Business valuation becomes more and more important when management of companies needs to make one or another decision. It can be a perfect tool for planning and management of financial and economic sphere. Using of valuation, as well as using a time tracker, can help to raise effectiveness of using of sources and to provide a higher level of safety and control.
If we talk about a complex approach to the process, business valuation according to a common meaning of the notion is setting of a real (market) cost of a functioning company. In other words, the most likely price it can be sold for. Business valuation can include valuation of local divisions of a company, basic funds or facilities.
When we need to evaluate
There are several situations when you will need to evaluate your business:
- Basis for purchase and sale transaction of business or its part
- Cost determination of a mortgage security on a loan
- Investment consideration
- A business plan development
- Necessity of proving of a tax base
What to evaluate?
Different categories of companies can be the subjects of valuation:
- Not big companies for as a single subject of valuation
- Consolidated companies (associations, corporations, holdings)
- Structure branches of companies
- Companies of different legal organization forms
- Banks
- Insurance companies and others
Before making a decision to evaluate a business you should determine the aim of valuation.
Stages of valuation
Business valuation is provided by the following algorithm:
- Gathering of information including time tracker reports on business processes of a company
- Analysis and observation of room of the market where the company is
- Calculations on the basis of different approaches and methods including data from special time tracker reports set by the settings of a time tracker of a company
- Agreement of results got by evaluating using different approaches and methods
- Making a report on valuation
Approaches to business valuation
Nowadays there is a certain methodology of business valuation. There are three different approaches:
- Income approach
- Cost approach
- Comparative approach
Income approach
Income approach works when it is possible to anticipate future profits. It is based on determining of business cost or its parts by counting of current cost of profit expected in the future.

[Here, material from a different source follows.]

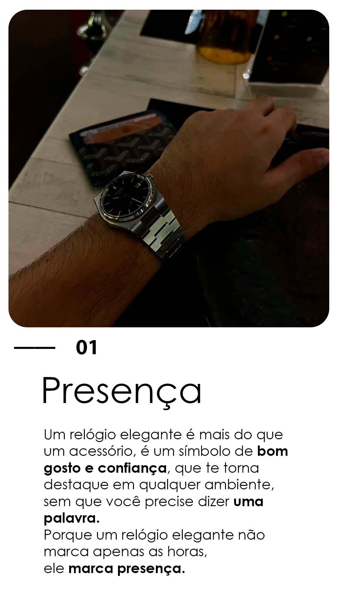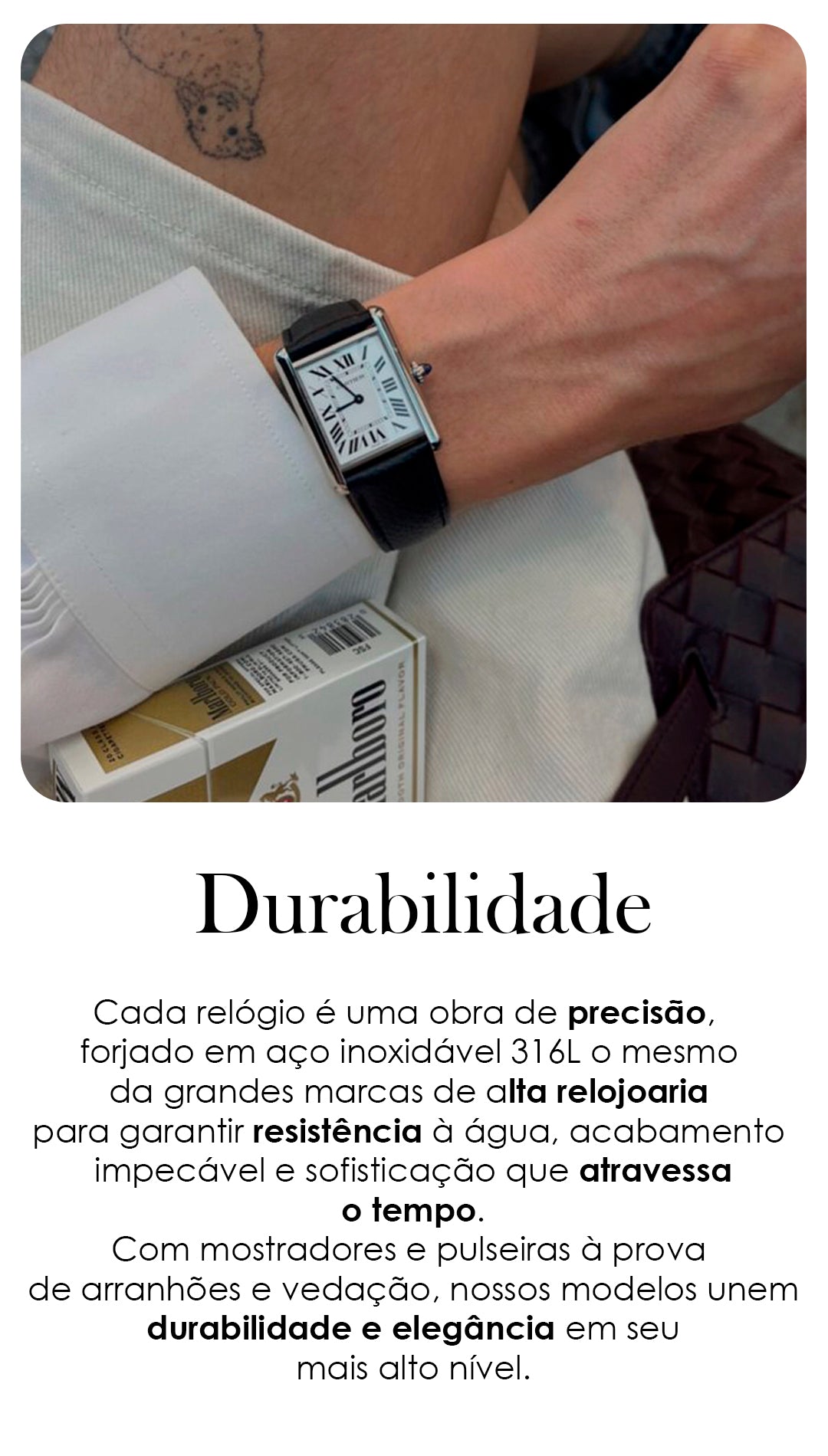O relógio entrega uma qualidade e design impecáveis por um preço muito justo. Estou satisfeito com o custo-benefício. Recomendo!
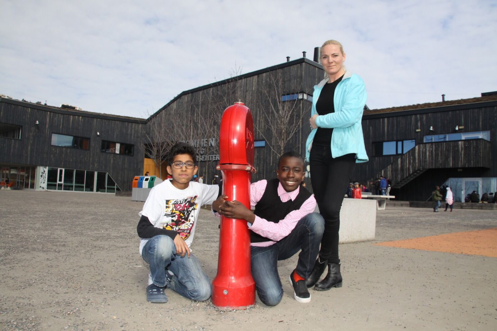 Klassekameratene Adchay Poornanandan (12) og Favour Okeke (12) er blant elevene på syvendetrinn som nå får boltre seg i skolegården når de skal løse matteoppgaver.

Income of a company is the basis of the cost value of a business. Analytical reports of time trackers show the effectiveness of business processes determining the value of a business.
Cost approach
Cost approach includes two methods:
- Capitalization method
It is based on calculation of efficiency of using of assets including the fact of their profitability. It doesn’t need determining of cost of non-material and material assets. It is used when profits are constant and positive in time.
- Discounted cash flow method
It is based on prediction of future cash flows which come to the current cost at the rate of discount. It doesn’t need determining of cost of non-material and material assets.
Comparative approach
Comparative approach includes three methods:
- Branch indexes method
- Market of fund method
- Deal method
Using of one or other approach depends on specific characteristics of business and will help you to provide correct evaluation of your business.